ACCORDO UNI-CNR PER LO SVILUPPO DELL’ATTIVITÀ PRE-NORMATIVA E NORMATIVA

L’Ente Italiano di Normazione – Uni ha firmato con il Consiglio Nazionale delle Ricerche – CNR l’accordo quadro che definisce le azioni congiunte per lo sviluppo dell’attività pre-normativa e normativa.

Siamo orgogliosi di operare in partnership con il Cnr – ha spiegato Piero Torretta, Presidente Uni -. Riteniamo che lo scambio di conoscenze e la partecipazione dei ricercatori alle commissioni tecniche Uni possano portare un valore aggiunto e una spinta verso l’innovazione, un’innovazione che si traduce nella quotidianità, sicurezza e benessere di ogni cittadino.

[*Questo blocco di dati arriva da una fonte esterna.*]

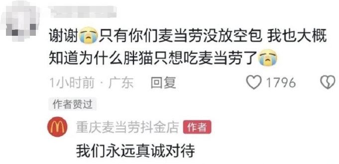 当然了,在此前的“胖猫空包事件”中,我们也能感受到麦当劳的高标准和对顾客的重视。在众多商家选择发空包外卖时,麦当劳是为数不多的实打实的把食物送来的商家。麦当劳还因此获得了一波好感。
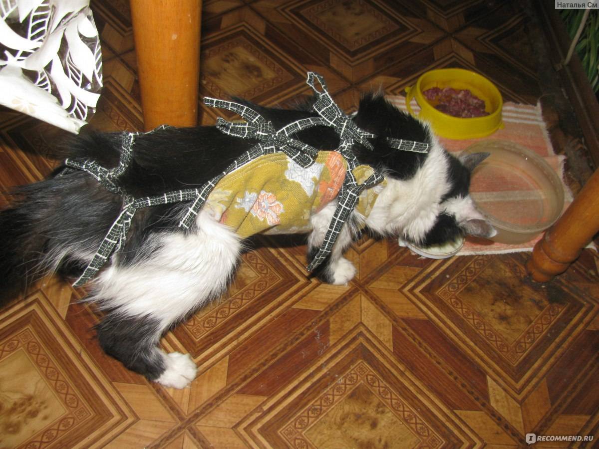 - Снимать раньше положенного времени послеоперационную попону или защитный воротник. Любопытная питомица может начать интересоваться швом, лизать его, тем самым дополнительно травмируя его и занося бактерии. А в первое время после стерилизации кошка может нализаться обрабатывающими растворами (Террамицин (не зеленка!), Чеми-спрей, Алиминиум-спрей). Помимо этого шов может загрязняться пылью, наполнителем для лотка.
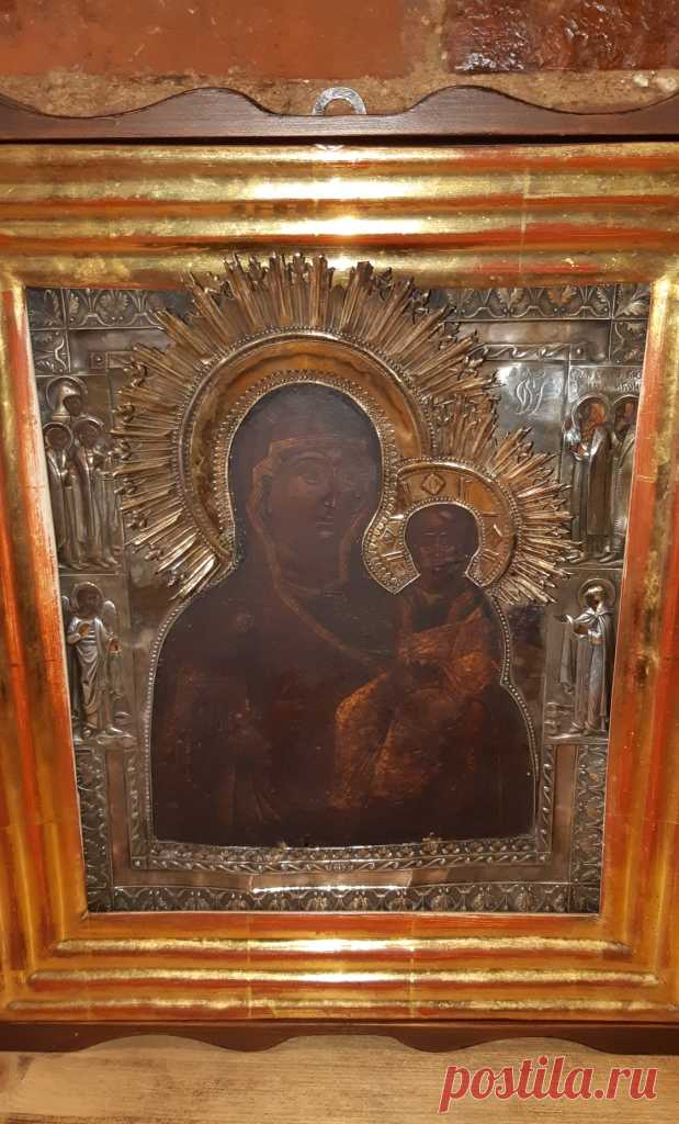 Смоленская Пресвятая Богородица с предстоящими князьями Ярославскими : Фёдором и Давидом и Ангел хранителем : Евгенией. 19 век. Российская Империя. Оклад Серебро 84 проба Ярославские клейма. Киот родной. Реставрация. 500 х 450 х 105 мм. Витрина киота : 432 х 372 мм. Рама. Покрыта сусальным золотом. Размер : 455 х 403 мм. Оклад. Серебро. 84 проба. 1822 год. Клейма на торце и на венцах. Икона с клеймами Ярославля. Венцы покрыты позолотой. Икона : кипарисовая доска. Темпера....

Vogliamo costruire un mondo fatto bene”.

In particolare l’intesa Uni – Cnr prevede: la partecipazione dei ricercatori del Cnr alle attività di normazione; la messa in campo di un’azione coordinata delle attività di pre-normazione, che consente a Uni di accedere ai programmi finanziati di ricerca come partner privilegiato del Cnr nei casi in cui tra le finalità della ricerca ci sia un riferimento all’attività di standardizzazione; una gestione coordinata delle possibili iniziative di informazione per la diffusione della cultura della normazione volontaria e per il Cnr l’accesso agevolato alle norme Uni, al fine di svolgere l’attività di ricerca con tutti i supporti utili.

Il Cnr punta a garantire la più ampia diffusione delle norme tecniche partecipando alle Commissioni Tecniche Uni e nelle sedi normative europee e internazionali – ha aggiunto il presidente del Consiglio delle ricerche, Massimo Inguscio -. La collaborazione tra Cnr e Uni si traduce in uno scambio di informazioni, di idee e di esperienze atte a rafforzare e perfezionare le attività di ricerca e a trasferire i risultati di queste ultime nelle norme tecniche che, essendo aperte a tutti, costituiscono un importante stimolo per la società ai fini della diffusione dell’innovazione”.

I due Enti si impegnano, inoltre, ad un mutuo coinvolgimento in progetti di ricerca e innovazione finanziati a livello nazionale ed europeo e alla definizione e alla realizzazione di attività di divulgazione della “cultura della normazione”.